Business-Minded Legal Solutions

Using non-compete agreements to protect businesses interests in TX, P.2

Last time, we began looking at non-compete agreements, both as to their potential role in protecting sensitive business information, including intellectual property rights, as well as to the requirements for these agreements to be enforceable under Texas law.

Time, geography and scope of activity limitations are not an uncommon cause of litigation over non-compete agreements. Because determining what is reasonable with regard to concrete circumstances is not always straightforward, this is an area where disputes may come about. 
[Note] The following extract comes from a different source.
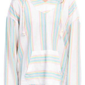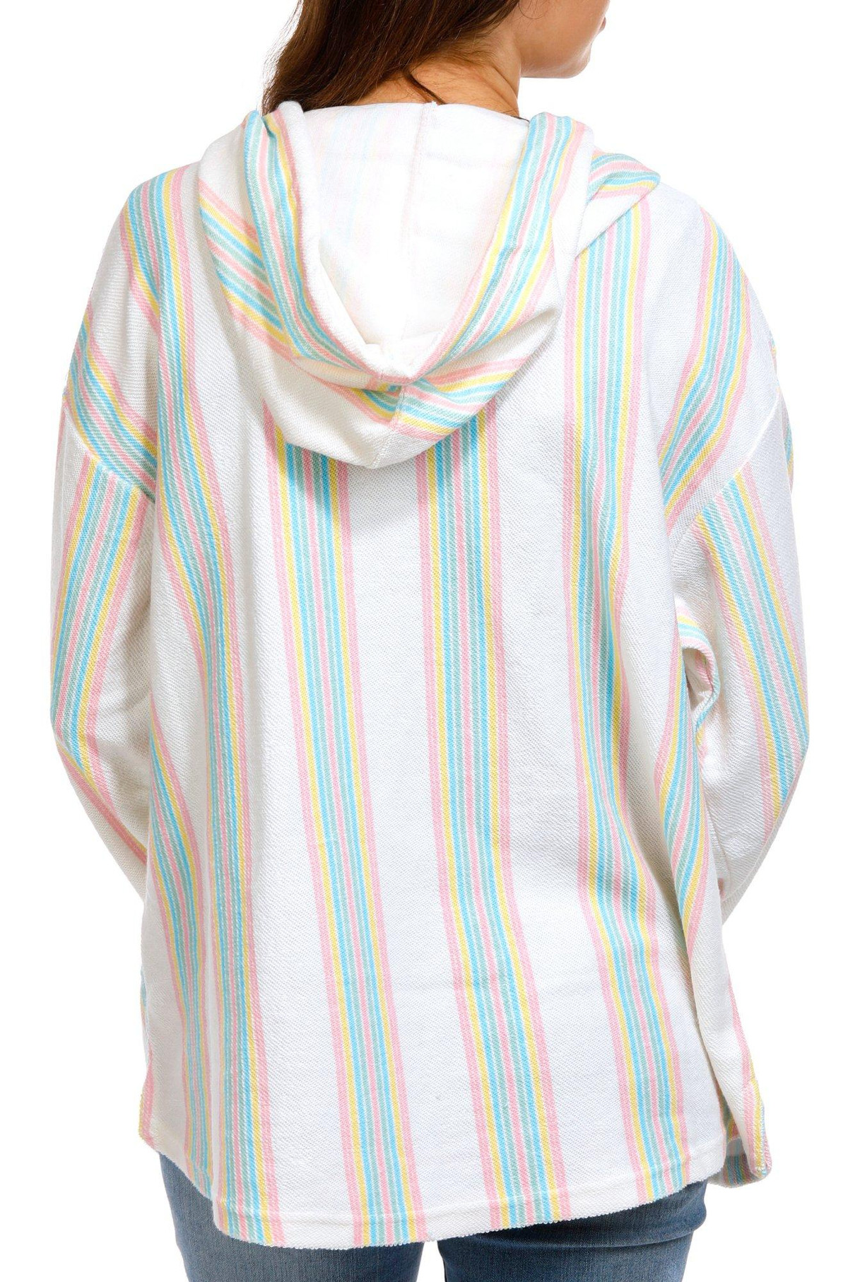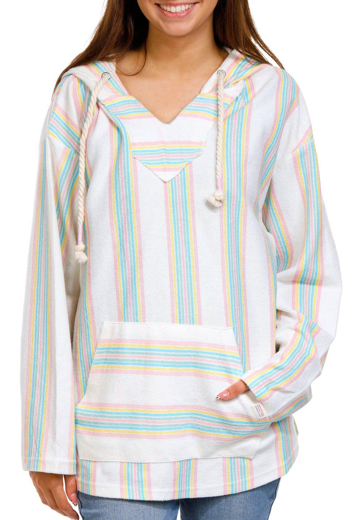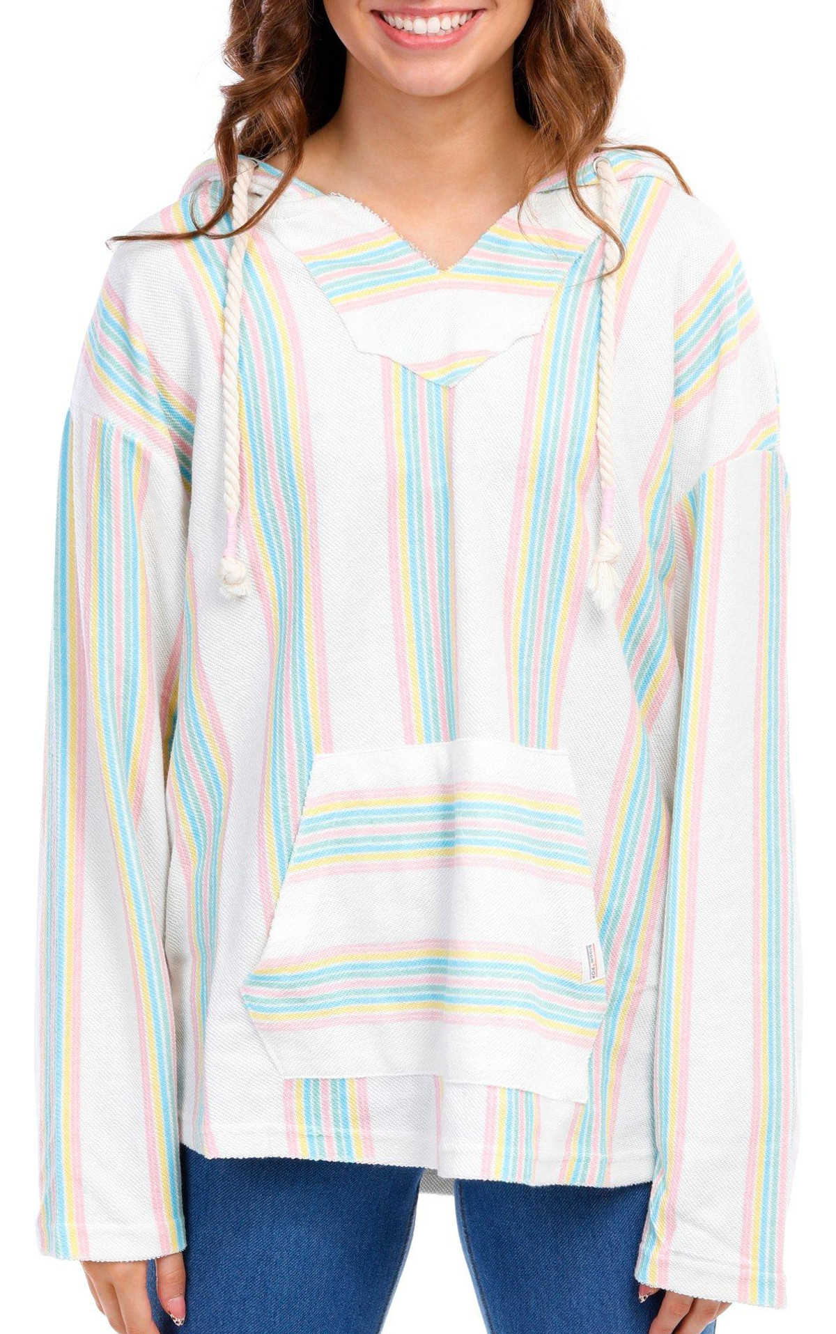 Introducing the Juniors Baja Stripe Hoodie, a perfect blend of cotton and polyester for comfort and durability. This hoodie features a stylish pastel striped print that adds a pop of color to any outfit. The drawstring hooded neckline provides adjustable coverage, while the kangaroo pocket offers convenience and warmth. With its long sleeves, this hoodie is ideal for layering or wearing on its own, making it a versatile addition to any wardrobe.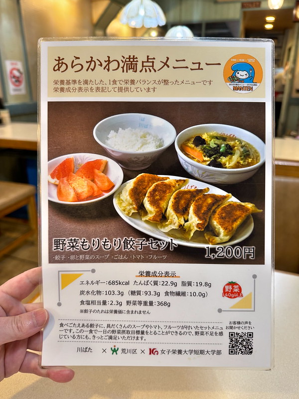 女子栄養大学短期大学部と荒川区、そして川ばたの3者によって開発されたあらかわ満点メニューである野菜もりもり餃子セットです。栄養バランスをしっかり考えられたメニューということで、こちらを注文してみました。1200円です。

Generally speaking, there are few—if any—hard and fast rules regarding what is considered reasonable and unreasonable in terms of geography, time, and scope of activity.  Each case is unique and involves its own set of facts. It is critical for employers to work with experienced legal counsel when drafting and negotiating the terms of these agreements with their employees to ensure the agreements are enforceable in court.

Texas courts, when looking non-compete agreements, keep in mind the importance of market competition, and put the onus on employers to demonstrate that not enforcing a non-compete agreement would harm the employer and that enforcing it would not unreasonably burden the individual’s ability to find alternative employment in his or her profession or trade.  Naturally, employees who have access to highly specialized industry knowledge typically have a harder time arguing for non-enforcement, while those with more generalized knowledge may have an easier time, depending on the circumstances of the case.

Contractual agreements, of course, need to work in concert with employment policy guidelines, both to reinforce any non-compete agreements and, if necessary, to clarify the employer’s expectations and to ensure the expectations are within legal limits. Working with experienced legal counsel on such matters is critical so that things are done correctly and effectively.